Work task
Exact copy, no pictures: return only the lines below from the line with "x = linspace(1,20,200);" up to and including the line with "Kochen zu beginnen.".

Information supplied
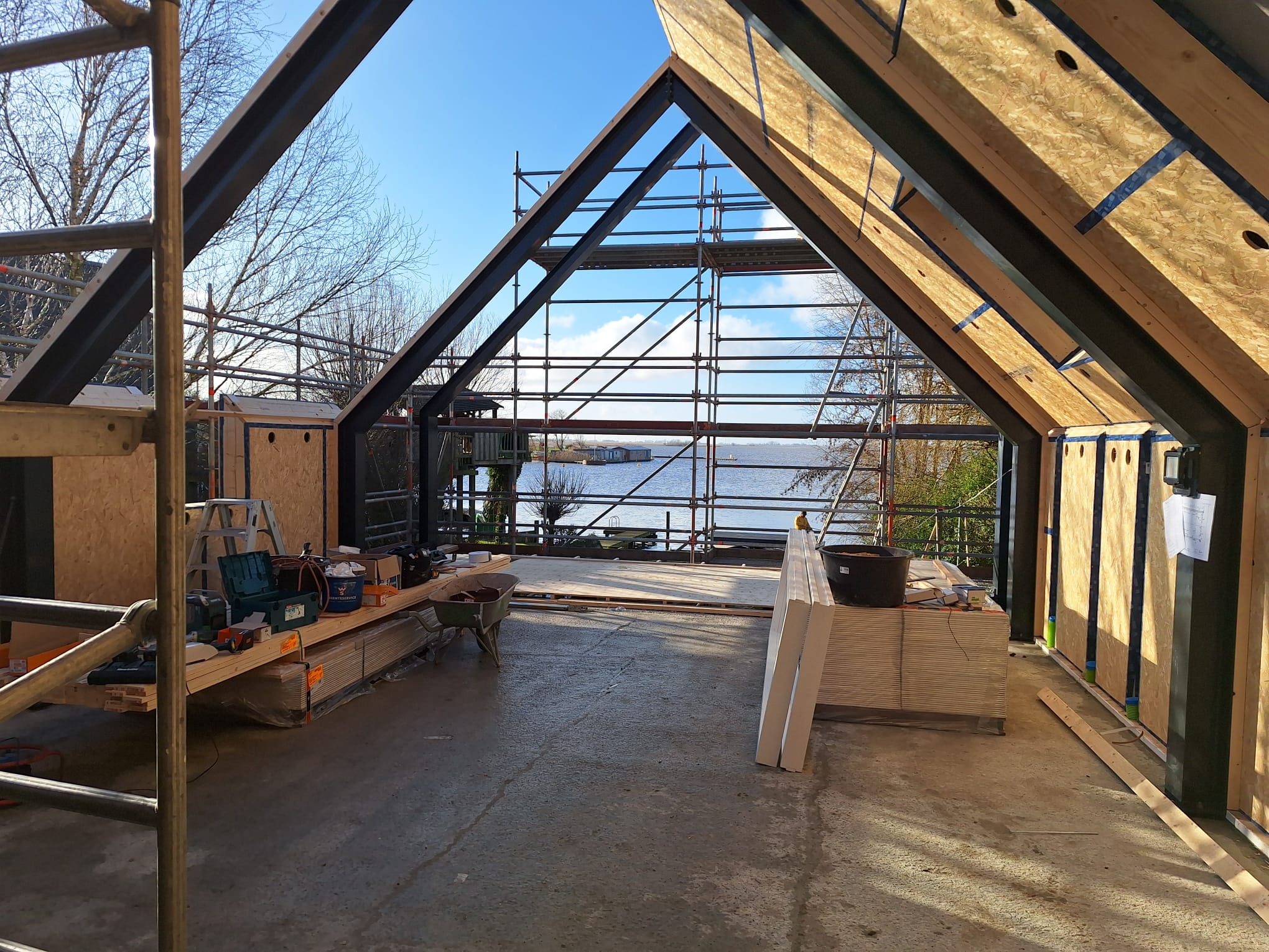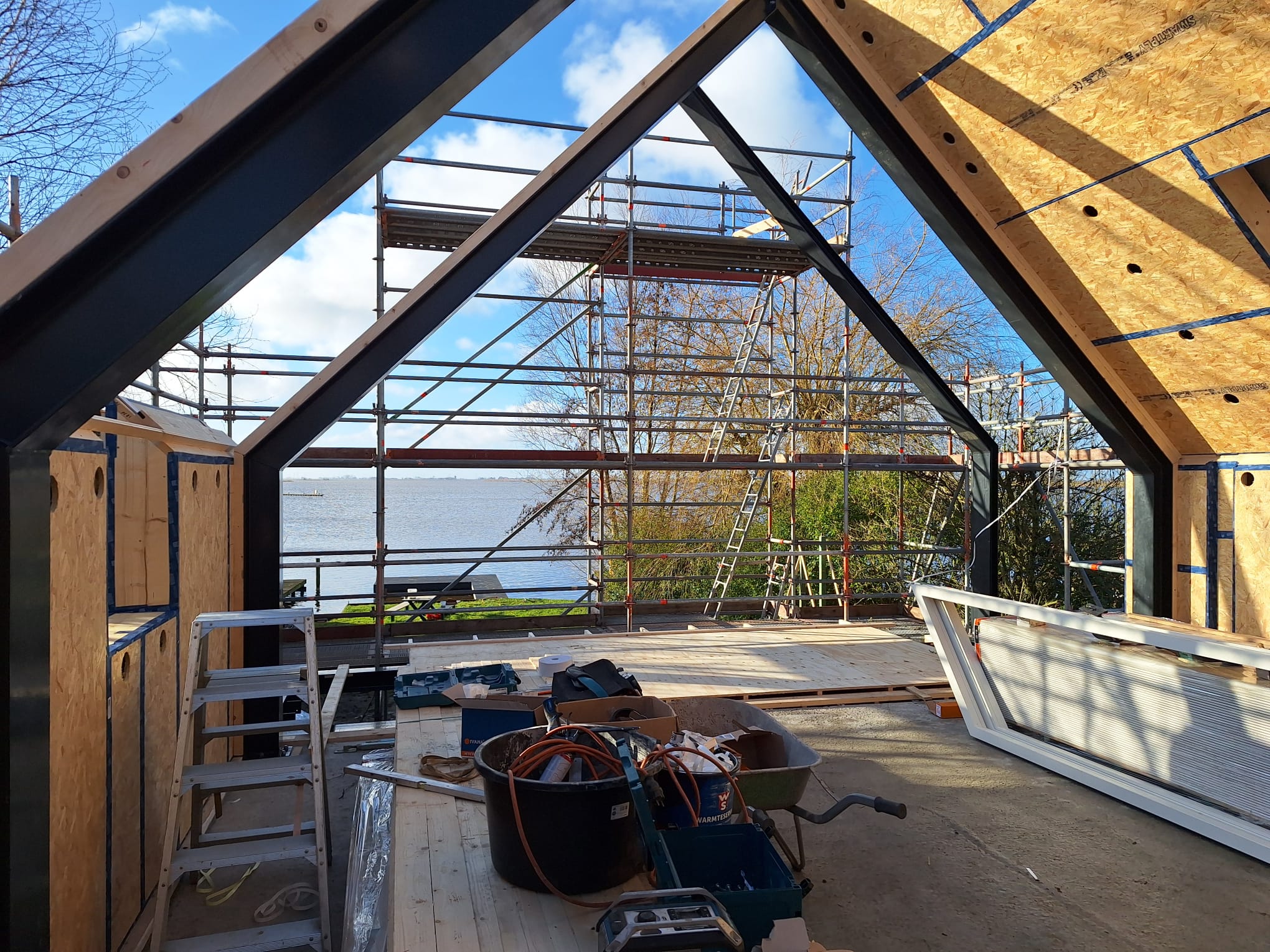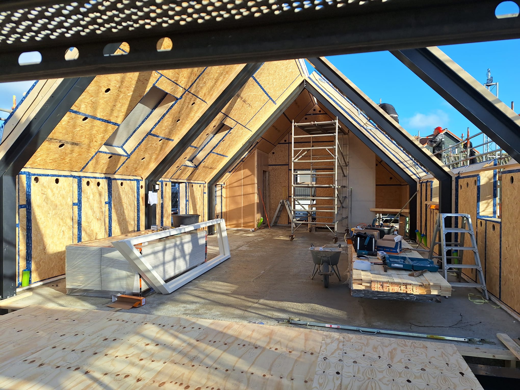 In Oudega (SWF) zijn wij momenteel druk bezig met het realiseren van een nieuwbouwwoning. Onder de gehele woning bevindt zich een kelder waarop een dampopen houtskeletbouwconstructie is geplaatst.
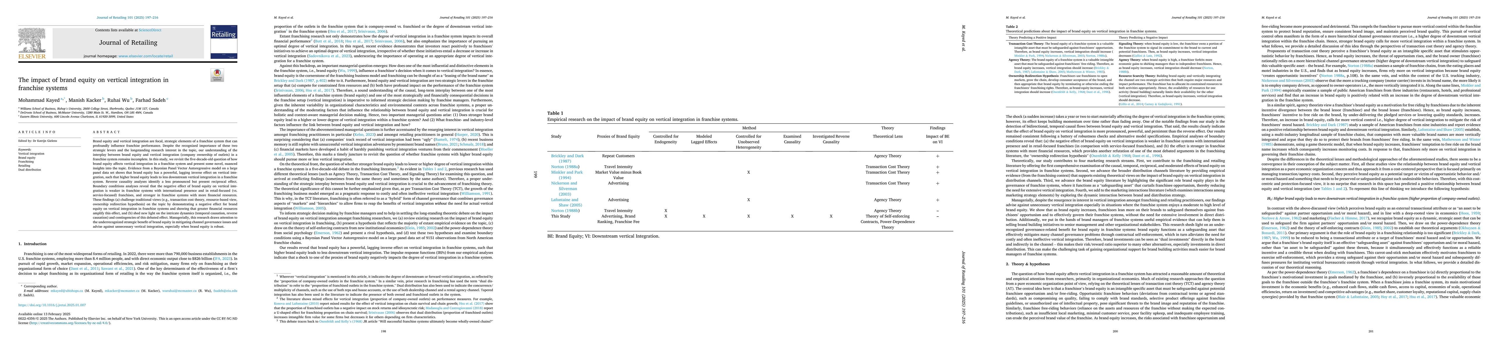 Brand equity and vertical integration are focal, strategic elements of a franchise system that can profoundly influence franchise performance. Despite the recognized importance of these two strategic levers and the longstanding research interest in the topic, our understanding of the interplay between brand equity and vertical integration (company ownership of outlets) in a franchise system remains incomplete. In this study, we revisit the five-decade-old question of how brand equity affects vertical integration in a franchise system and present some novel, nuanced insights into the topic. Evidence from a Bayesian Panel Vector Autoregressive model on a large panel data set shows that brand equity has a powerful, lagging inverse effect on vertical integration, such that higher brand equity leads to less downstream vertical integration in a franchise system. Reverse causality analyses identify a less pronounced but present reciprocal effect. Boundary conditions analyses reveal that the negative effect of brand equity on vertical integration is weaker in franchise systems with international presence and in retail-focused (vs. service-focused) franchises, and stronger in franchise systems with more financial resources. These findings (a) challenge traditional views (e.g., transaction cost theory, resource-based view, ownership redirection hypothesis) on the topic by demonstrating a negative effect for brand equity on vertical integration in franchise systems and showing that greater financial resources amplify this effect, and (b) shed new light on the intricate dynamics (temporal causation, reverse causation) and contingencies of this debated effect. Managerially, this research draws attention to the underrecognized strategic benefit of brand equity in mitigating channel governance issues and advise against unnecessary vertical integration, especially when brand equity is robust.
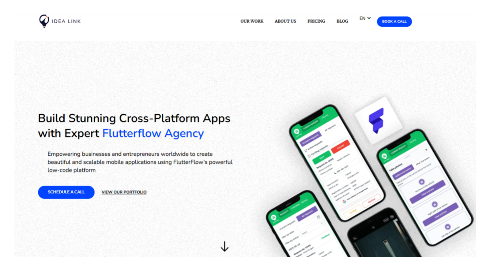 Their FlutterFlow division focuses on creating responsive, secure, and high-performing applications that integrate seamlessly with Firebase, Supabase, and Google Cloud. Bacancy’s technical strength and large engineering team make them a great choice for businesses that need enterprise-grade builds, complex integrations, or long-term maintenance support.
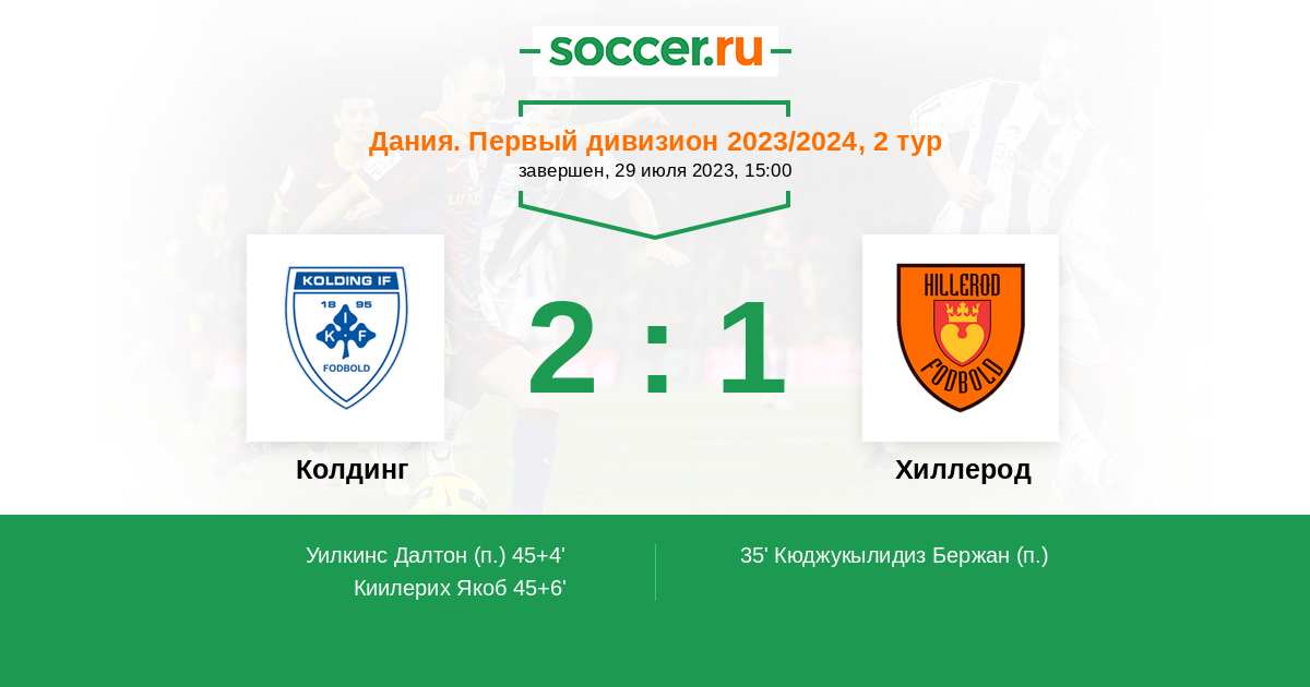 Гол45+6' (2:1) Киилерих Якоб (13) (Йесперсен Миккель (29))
* * *
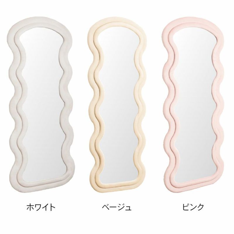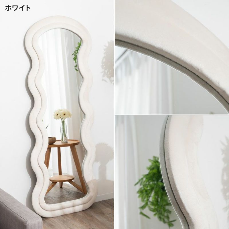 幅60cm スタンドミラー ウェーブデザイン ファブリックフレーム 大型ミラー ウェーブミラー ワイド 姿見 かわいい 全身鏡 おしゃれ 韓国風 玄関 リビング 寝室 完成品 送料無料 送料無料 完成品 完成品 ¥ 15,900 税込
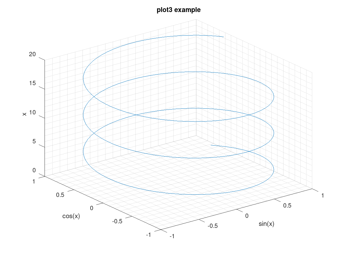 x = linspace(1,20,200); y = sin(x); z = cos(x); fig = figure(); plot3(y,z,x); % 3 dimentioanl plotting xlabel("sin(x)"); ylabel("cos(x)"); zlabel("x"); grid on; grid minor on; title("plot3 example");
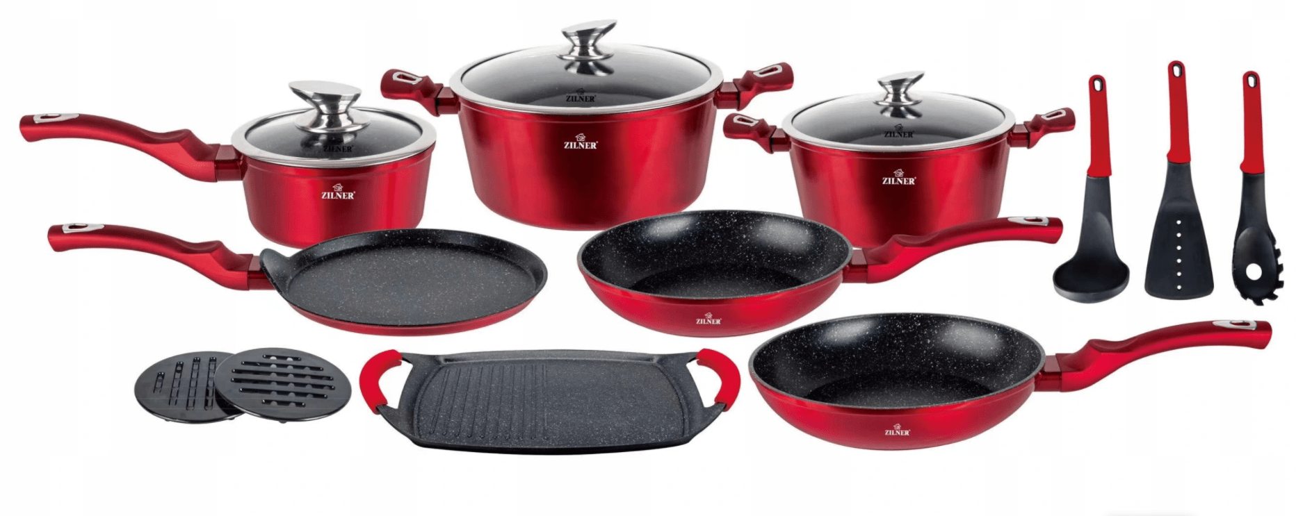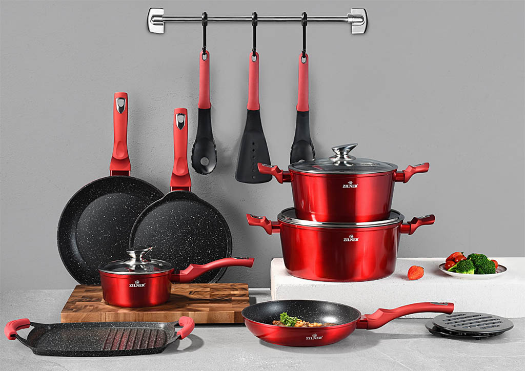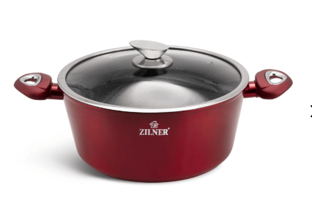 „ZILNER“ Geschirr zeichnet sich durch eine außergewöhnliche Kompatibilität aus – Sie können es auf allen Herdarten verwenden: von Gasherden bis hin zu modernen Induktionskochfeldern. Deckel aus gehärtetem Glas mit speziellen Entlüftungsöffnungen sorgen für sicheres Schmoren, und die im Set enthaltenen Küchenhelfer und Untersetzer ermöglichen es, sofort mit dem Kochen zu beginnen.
==
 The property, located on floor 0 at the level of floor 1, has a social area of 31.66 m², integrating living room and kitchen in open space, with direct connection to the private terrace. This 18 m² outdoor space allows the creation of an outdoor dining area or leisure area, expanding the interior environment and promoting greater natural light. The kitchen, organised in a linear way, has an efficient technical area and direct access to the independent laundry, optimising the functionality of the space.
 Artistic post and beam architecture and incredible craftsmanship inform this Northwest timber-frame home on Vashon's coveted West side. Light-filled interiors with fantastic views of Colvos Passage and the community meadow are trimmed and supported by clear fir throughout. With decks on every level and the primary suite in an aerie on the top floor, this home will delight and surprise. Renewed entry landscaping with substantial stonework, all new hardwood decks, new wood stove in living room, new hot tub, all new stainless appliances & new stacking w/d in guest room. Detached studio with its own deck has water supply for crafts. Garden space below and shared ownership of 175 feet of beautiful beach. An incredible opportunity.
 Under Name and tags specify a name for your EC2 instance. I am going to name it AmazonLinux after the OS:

Solution
 x = linspace(1,20,200); y = sin(x); z = cos(x); fig = figure(); plot3(y,z,x); % 3 dimentioanl plotting xlabel("sin(x)"); ylabel("cos(x)"); zlabel("x"); grid on; grid minor on; title("plot3 example");
 „ZILNER“ Geschirr zeichnet sich durch eine außergewöhnliche Kompatibilität aus – Sie können es auf allen Herdarten verwenden: von Gasherden bis hin zu modernen Induktionskochfeldern. Deckel aus gehärtetem Glas mit speziellen Entlüftungsöffnungen sorgen für sicheres Schmoren, und die im Set enthaltenen Küchenhelfer und Untersetzer ermöglichen es, sofort mit dem Kochen zu beginnen.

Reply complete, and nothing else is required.